Portal Exame - No seu livro o senhor menciona o filme "Quem matou o carro elétrico?". Afinal, quem matou a primeira experiência de carro elétrico da GM?

A versão original do carro elétrico surgiu mais de cem anos atrás. Em 1900 havia mais carros elétricos do que a gasolina nas ruas de Nova York. Nos anos 1990, ele surgiu de novo, mas a indústria e os consumidores estavam relutantes em aceitá-lo. Agora, porém, a tecnologia evoluiu. As baterias estão melhores, há sistemas de diagnóstico de bordo, motores híbridos, como os do Prius, da Toyota. Eu diria que, hoje, podemos esperar um resultado muito diferente para os carros elétricos em desenvolvimento. Mas, ao contrário do que ocorreu uma década atrás, agora eles terão de competir com os carros a álcool, biodiesel, hidrogênio, flex... Talvez o risco sejam os novos concorrentes. Mas isso é parte dos mercados competitivos. Agora, pelo menos, eu diria que ele tem boas chances de sobreviver.

Portal Exame - Existem muitas inovações vindo de empresas pequenas, de nicho, que inovam seja criando carros inteiros, seja desenvolvendo tecnologias específicas. O que isso representa para a indústria automobilística?

É uma tendência importante. Durante décadas a indústria foi muito verticalizada e controlou de forma estrita sua propriedade intelectual. As barreiras de entrada para os concorrentes eram muito altas. Hoje, as montadoras de Detroit terceirizam muita coisa. Há uma oferta de serviços terceirizados ao redor do planeta que torna muito mais fácil a vida de uma fabricante de carros. Veja o caso das sul-coreanas Kia e Hyundai. Elas se tornaram empresas excelentes em apenas 20 anos. As chinesas, e é claro a indiana Tata, contam com muita tecnologia desenvolvida em seus próprios países.

Portal Exame - O que significa o lançamento do Tata Nano para as grandes montadoras?

O carro da Tata pode representar uma ruptura enorme para o negócio das montadoras. Elas serão forçadas a produzir carros muito mais baratos do que planejavam. Talvez não tão baratos quanto o Tata Nano, mas a Ford e a Peugeot já reduziram seus preços dos modelos mais baratos para 5 000 dólares na China e na Índia. O que acontecer nesses dois mercados pode se espalhar pelo resto do mundo, com o surgimento de modelos mais simples e menos caros também no mundo rico. Isso é uma força poderosa, que pode fazer as montadoras reverem seus modelos de negócios.

Portal Exame - Mas parte do baixíssimo preço do Tata Nano se deve à economia de itens de segurança, por exemplo. Isso não é um retrocesso?

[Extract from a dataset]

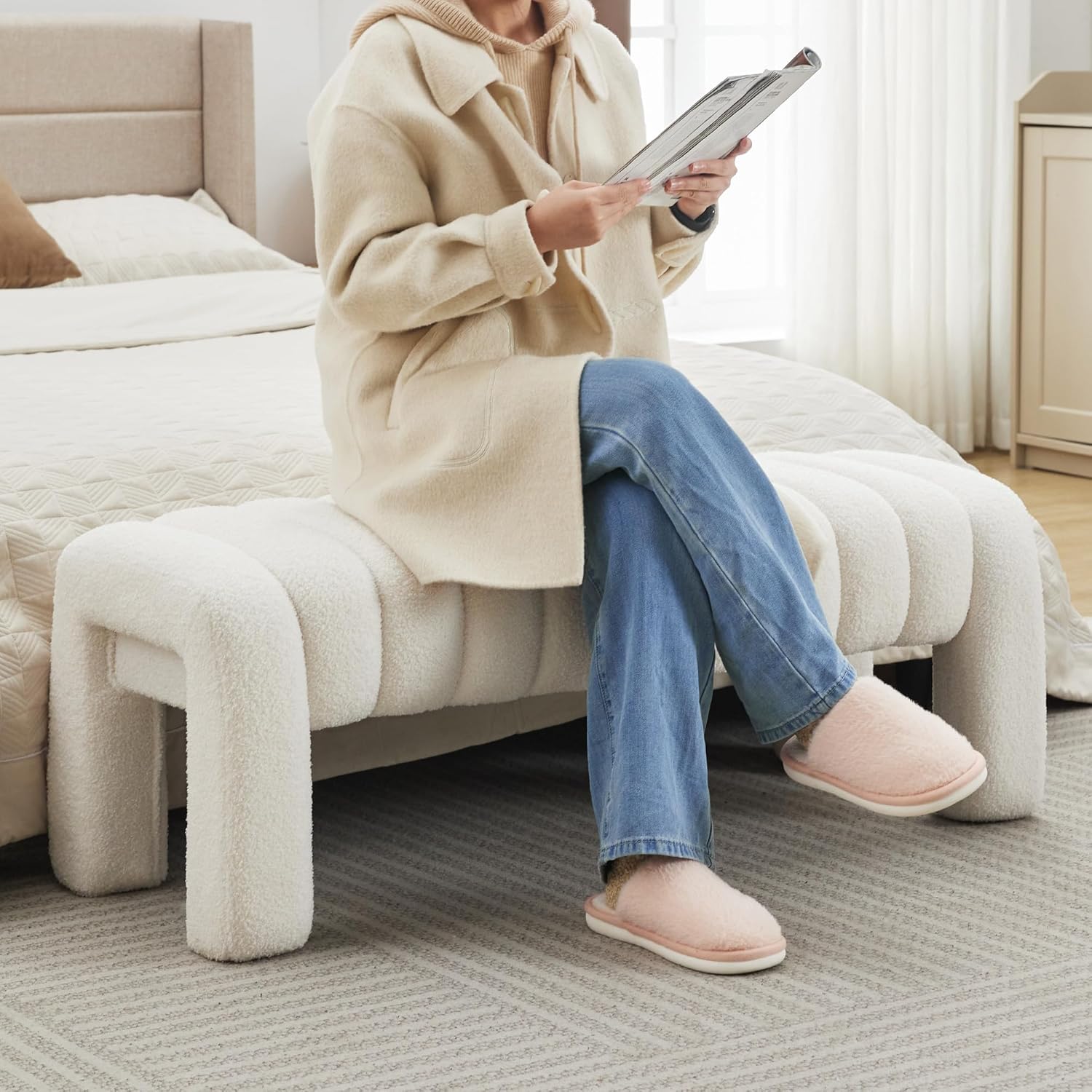 - 【Stylish and Comfortable Design】 The Scingu End of Bed Bench features a contemporary design with soft fabric that adds a touch of elegance to any room, blends well with a wide range of home styles, and easily matches your existing furnishings to help you create a comfortable, stylish living environment. Suitable for the bedroom, living room or entryway, this bench enhances your décor while providing a practical seating option

Se você puser lado a lado o Nano e um utilitário esportivo americano de 50 000 dólares, é claro que a comparação é injusta. Mas essa é a maneira antiga de pensar na indústria automobilística. Lembre-se de que 2 bilhões de pessoas no planeta nunca tiveram um carro. Suas famílias nunca nem sequer andaram em um carro.  Na Índia, o Nano vai substituir as perigosas motonetas. Eu sou indiano. Me lembro de, criança, andar em uma delas com meu pai, minha mão e minha irmã, os quatro equilibrados numa Vespa. Éramos considerados da classe média por poder andar de motoneta. O que a Tatá está fazendo é colocar um carro ao alcance dessas classes, que têm aspirações econômicas e de consumo. O novo carro é muito mais seguro do que uma Vespa. Acreditar o contrário é exatamente o que faz a indústria automobilística olhar só para trás e não entender novos modelos, que possam funcionar em países em desenvolvimento.

Provavelmente teremos uma "divisão de gerações", ou seja, países ricos dirigindo carros limpos e equipados com as novas tecnologias, enquanto os pobres continuarão queimando gasolina.

Os países se tornam verdes conforme vão enriquecendo. É só lembrar da Inglaterra dos romances de Charles Dickens. Londres era uma cidade imunda, por causa da queima de carvão para o aquecimento. Não acredito que o fato de que países que deixem a pobreza não possam ser tão limpos quanto os mais ricos do planeta. Países como Índia, China, Brasil e África do Sul tem mercados pujantes, que estão atraindo muitos investimentos externos e que pode se aproveitar das mais novas tecnologias, dando um salto sobre as alternativas mais sujas. Não se esqueça: o Brasil está muito à frente dos Estados Unidos quando se fala em energia limpa. O país tem hidrelétricas e etanol.